Let’s say you’ve posted a picture on Facebook (source of so much casual cruelty these days) and dozens of people say how amazing, beautiful, inspiring the photo is. One person says, “You need to work on pouting your toes,” , “Gee, you’ve gotten so much better!” or, if they really don’t belong in your friends feed, “I don’t see what the big deal is. Her wig is awful.” Or perhaps someone even said something outright evil (BLOCK BLOCK BLOCK them!)
Let’s just stick to the first one. They may not consciously mean that as an insult, but sure, it’s a swipe. It’s not just a swipe at you; it’s a swipe at all the people who had the ignorance to think you were great.
There is nothing wrong with you if you remember this insult more than all those compliments. You are not ungrateful, insecure, or neurotic (at least, not on account of that).
You remember an insult because of the physical impact it has. You are an animal. Your body responds to hurt feelings like an animal, with a jolt of adrenaline and a fight or flight response. Because you can’t usually fight or fly when these things come up, you are frozen in that fight or flight response. It’s a fair bit more complicated than this and there is some actual science around it, but you get the idea.
Your body is built to help you identify and protect yourself from threats. You usually – I say USUALLY – don’t have to keep yourself safe from people who are likely to compliment you, but you do need to remember who is likely to insult you. Your body knows they will do it again. Your body knows that you need to remember that person. That is nature. There is NOTHING wrong with you! Your body is a healthy self–protection machine.

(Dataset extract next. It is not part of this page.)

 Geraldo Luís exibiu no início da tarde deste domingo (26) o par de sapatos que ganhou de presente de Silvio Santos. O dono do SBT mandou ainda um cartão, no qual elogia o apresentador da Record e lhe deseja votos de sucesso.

Furthermore, your mind is enculturated to believe that you need to get through gatekeepers and get all kinds of approval and permission to do a thing. So when someone “catches” you sucking, it’s an affirmation that you haven’t really done the right work and you don’t really deserve to be there. That’s culture, and you can tell culture to fuck right off. You only live once and you can’t spend your whole life waiting for permission to experience and share pleasure.

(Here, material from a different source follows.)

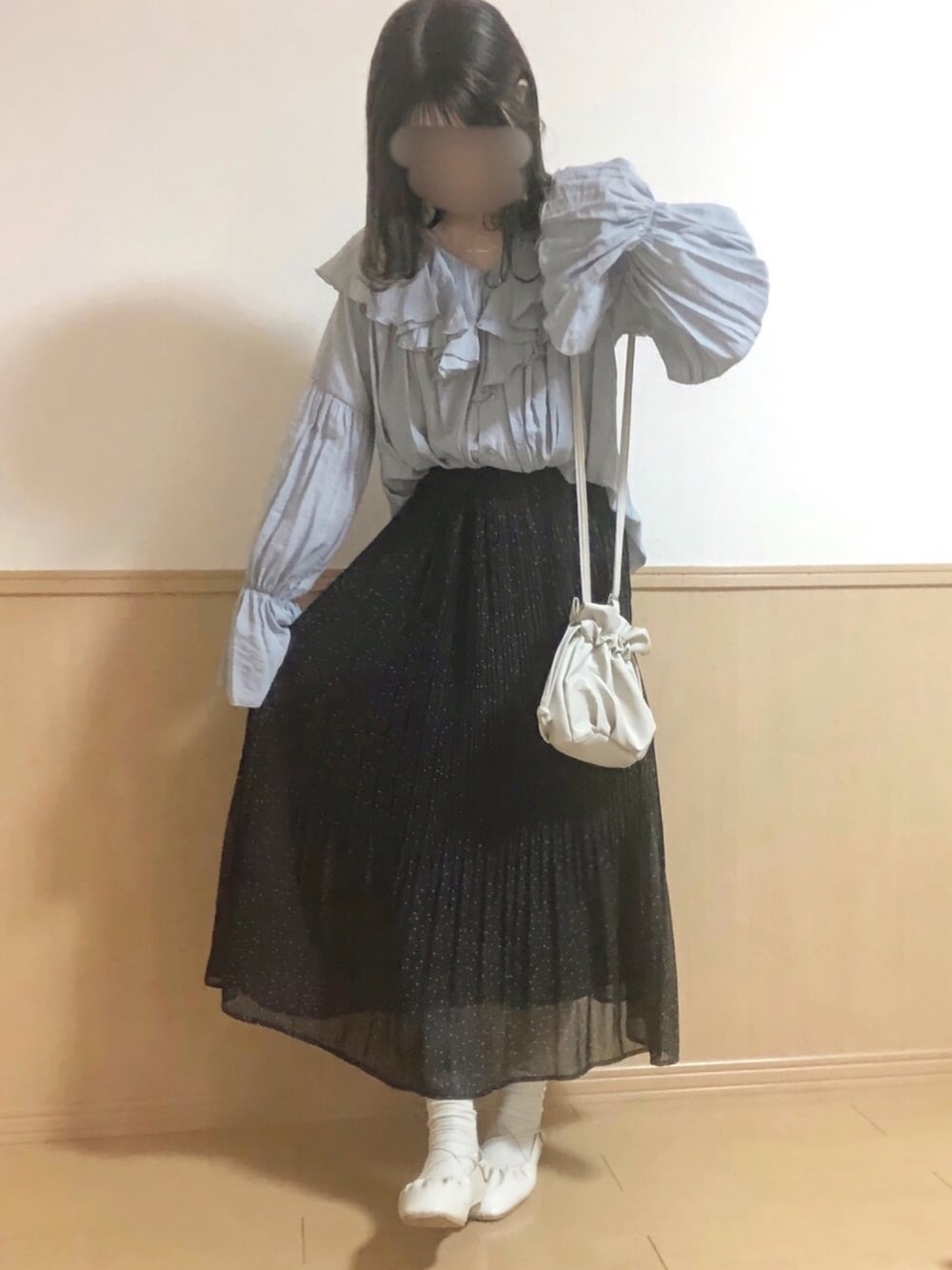 ご覧くださりありがとうございます🌷 archivesのブラウスはフリフリなので 首周りにボリュームがでて華やかに見えます✨ トップスをメインにしたかったので、ボトムスと小物はモノトーンでスッキリさせました!

Anyone who insults you in the middle of a rain of compliments is most likely is probably reptilian and competitive. They’re trying to promote their expertise or good taste when the focus should be on you. That’s good to know about them. However, if it’s more passive aggressive than aggressive aggressive, you might be able to talk to them about it. If it’s aggressive aggressive, block them on all social media. The world is full of people and you don’t need the shitty ones.

Mind you, no matter how many compliments you get you should always keep working to get better. Famous singers still take singing lessons; professional dancers never stop taking dance classes. Always keep learning and improving. Aim high. But be willing to take a compliment, always.

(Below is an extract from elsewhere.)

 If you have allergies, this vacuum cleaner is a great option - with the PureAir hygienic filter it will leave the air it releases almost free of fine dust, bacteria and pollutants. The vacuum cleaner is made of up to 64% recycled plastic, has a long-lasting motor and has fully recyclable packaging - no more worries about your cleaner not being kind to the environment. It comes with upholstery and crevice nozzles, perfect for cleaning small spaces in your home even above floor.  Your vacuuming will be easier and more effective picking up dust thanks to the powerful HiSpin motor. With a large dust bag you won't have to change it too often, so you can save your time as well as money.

You will have feelings, and they are not neurotic. You can acknowledge them, thank your body for looking out for you, remind yourself that if you got 100 compliments and one insult the odds are good that the compliments were accurate, and MOVE ON. The person insulting you doesn't know your inner failings and they are not correct. They are just insecure and trying to share the misery. The people who hire you and the audience who enjoy you and are entertained by you are correct.

This is not to say that there is no such thing as a valid critique, or someone coming to you with information they genuinely believe you'll benefit from hearing. The thing is, most of that doesn't happen unsolicited on social media. It CAN, but it's unlikely. Learning to process VALID critqiue is a lesson we'll discuss another time.
And how do you take a compliment? I talk about this a bit in The Burlesque Handbook, but the best response is simple: Just say thank you.
You are awesome.
You’re welcome.
–Jo Weldon

Photo of me in underwear from Silent Arrow that says "FUCK YOU" by Ben Trivett. I normally don't endorse giving the finger to people in the audience, but I think in this article it's clear who that gesture is aimed at it, and it ain't my fans. This post originally appeared in a slightly different form on my Tumblr blog, but they started blocking all my content because of the word stripper. So f*ck them!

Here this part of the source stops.